Bargaining Framework

Minister of Labour and Citizens' Services, Mike de Jong confirmed, when speaking with Vaughn Palmer on Shaw Cable's Voice of BC on December 7th, that any settlement with BC's doctors will come out of the pockets of BC's social workers, prison guards and clerical workers. Minister de Jong spent most of his answer personally attacking me (as I had pre-taped the question that was put to him), but in between the lines he confirmed that the "new negotiating framework" is a fixed pot structured such that settlements for those at the top will come out of potential incomes for those at the bottom.

On November 30th Finance Minister Carole Taylor announced that: "Over a five-year period, including the current year (2005/06 to 2009/10), the Ministry of Finance forecasts that $11.4 billion in unallocated fiscal room is available for budget decisions. Half of that amount, or $5.7 billion, is set aside for compensation agreements across the broad public sector." She went on to say that $1 billion of the $5.7 billion was only available to those bargaining units that settled before April 1, 2006, and that an additional $300 million would be available if the province finished fiscal year 2009/10 with a surplus greater than $150 million.

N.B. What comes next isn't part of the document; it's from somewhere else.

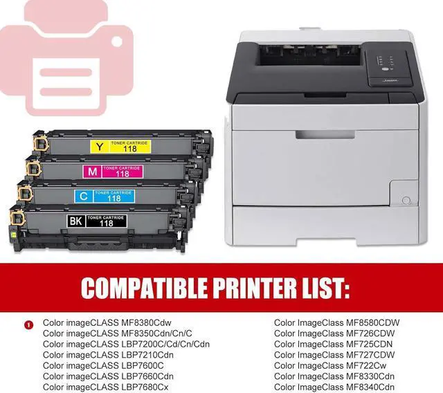 Up to 3,500 pages per 118 2661B001 2660B001 2659B001 C/M/Y toner cartridge (based on 5% coverage of Letter size Paper).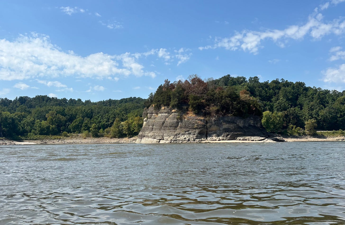 On the 41st day of the trip, we woke up at a muddy campsite and began paddling. Soon after, we met fellow source-to-sea adventurer Russell and his unnamed canine companion. They let us know that beaver tastes like rib-eye. We visited briefly before carrying on to the Wittenberg Boat Club at mile marker 88. The ramp and accompanying picnic space were immaculate. Three of the club members happened to be hanging out that morning. They shared local lore and tidbits about the surrounding area, including a site-to-see called “Tower Rock.” Though I wanted to stop to try to scale the cliff, we were on a deadline and have a general policy of choosing safety over adventure.

To put the framework in context, the news release said: "The negotiating framework applies to approximately 258,000 unionized workers and 42,000 management and other non-union employees. Under existing agreements, wages and benefits for public sector employees are forecast at $17.2 billion in 2005/06." Now we have confirmed that any settlement with BC's doctors will come out of the framework; de Jong's statement is consistent with what the director of communications for the Ministry of Finance previously stated.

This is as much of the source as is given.